Tinha consciência de que em algum dia essa notícia seria dada e, em razão disso, não ficou aborrecido, ao contrário, alegrou-se. Afinal, nem todas as pessoas vivem o suficiente para receber uma carta desse jaez. Aposentadoria não deixa de ser um troféu! - A par de um pijama e chinelos sempre à disposição, passou a receber uma enxurrada de outros envelopes, só que agora era de conteúdo exclusivo para o lazer. Viagens, passeios, excursões, convescotes, bailes, jogos de cartas, angariar novos amigos ouvir piadas inteligentes e outras nem tanto, dar risadas dos outros e de si próprio. Argh!!! Tudo isso não fazia o seu jeito de ser. Para quem, como ele, que apreciava da janela avarandada a linha do horizonte nas tardes outonais, tardes onde as nuvens bailarinas modificam-se a cada momento, misturando o rubro do sol dando chances para o abraço das cores violetas e rosas no deslumbrante entardecer... Neste cenário panorâmico não seria fácil trocar aquela visão maravilhosa do crepúsculo para um novo ritmo de vida fora do seu ambiente. Olhava as ofertas, ouvia os festeiros, mas reconhecia estar ainda seguro nas presilhas da falta de costume. Um seu amigo de longa data segredou-lhe que os pássaros engaiolados não se esquecem da arte de voar e que os humanos não podem perder a arte de sonhar. Ficou no batuque... Ruminando a sugestão lembrou-se do tempo em que estudava história geral e história do Brasil. Os livros retratavam belas paisagens, monumentos, figuras históricas, o mundo antigo e o mundo moderno e tudo isto era mais uma vez exaustivamente mostrado nos folhetos turísticos. Inebriado pela maravilhosa tarde outonal recostou-se à cadeira de espaldar alto, fechou os olhos e em devaneios viajou pelos caminhos da imaginação.

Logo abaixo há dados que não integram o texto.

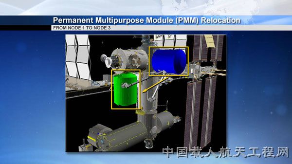 “永久多功能舱(PMM)”被从“团结”号节点舱面向地球的端口拆下,然后安装到附近“宁静”号节点舱的侧面端口,整个操作由NASA约翰逊航天中心遥控指挥机械臂完成,国际空间站航天员负责密切监视操作。
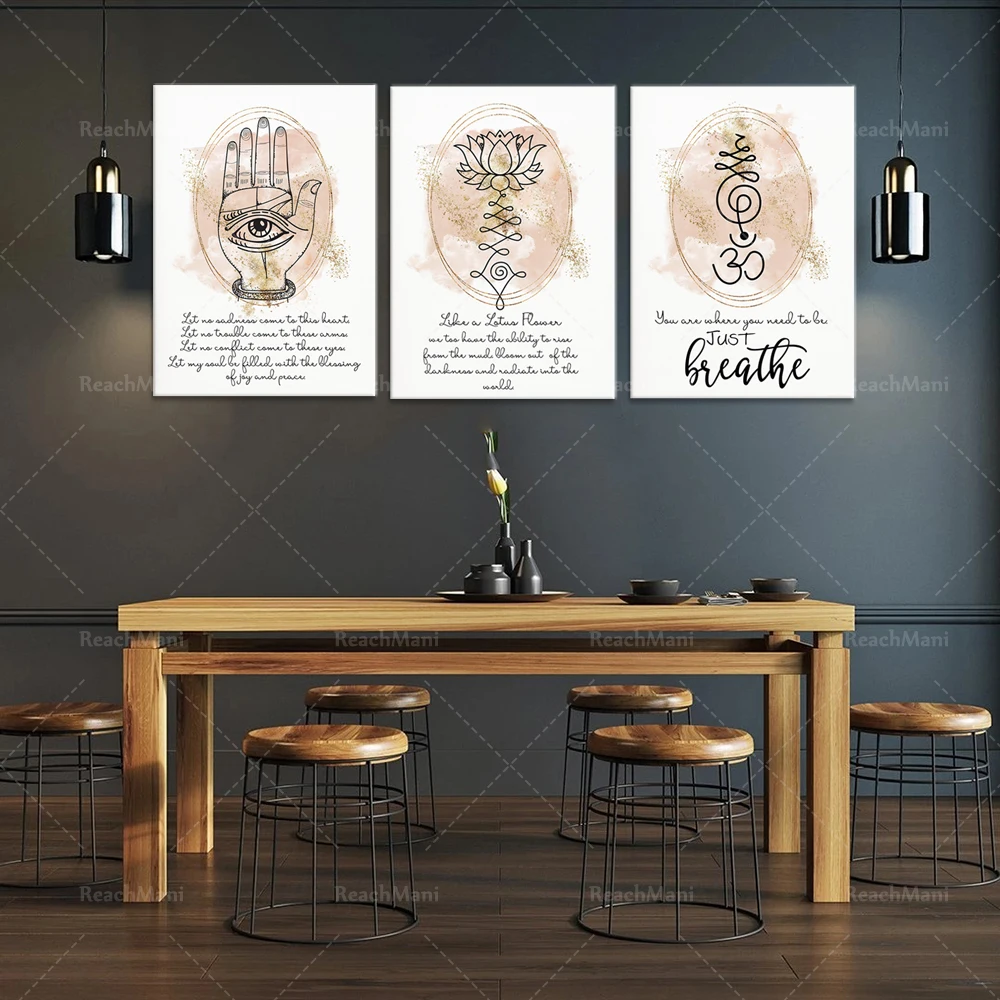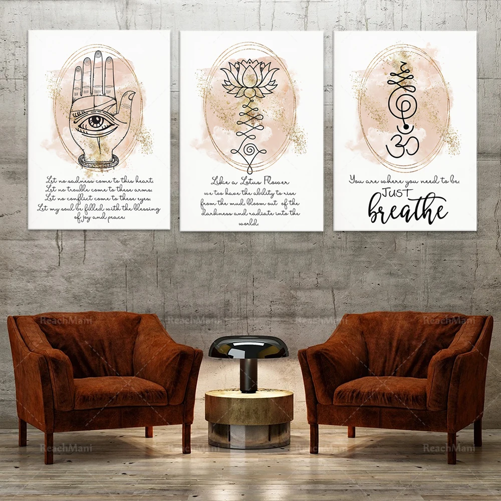 Настенные художественные принты для йоги, надписи на стену, подарок для медитации, грантитул, цитаты Будды, настенное искусство, декор Ом, рука Хамса, партия

As belezas do mundo e da natureza já habitavam em suas memórias. Em sonho sentia-se como os pássaros livres, que pelas manhãs voam para qualquer lugar, independentes de guias/itinerários, e, ao entardecer, retornam ao acolhimento das prediletas árvores. Ali, onde se encontrava estava junto da família, das lembranças dos filhos distantes, dos demais queridos, do jardim e das flores na casa grande cultivando o amor. Aposentadoria não era tão ruim assim... Bastava acordar, abrir o coração e não viajar para lugar nenhum.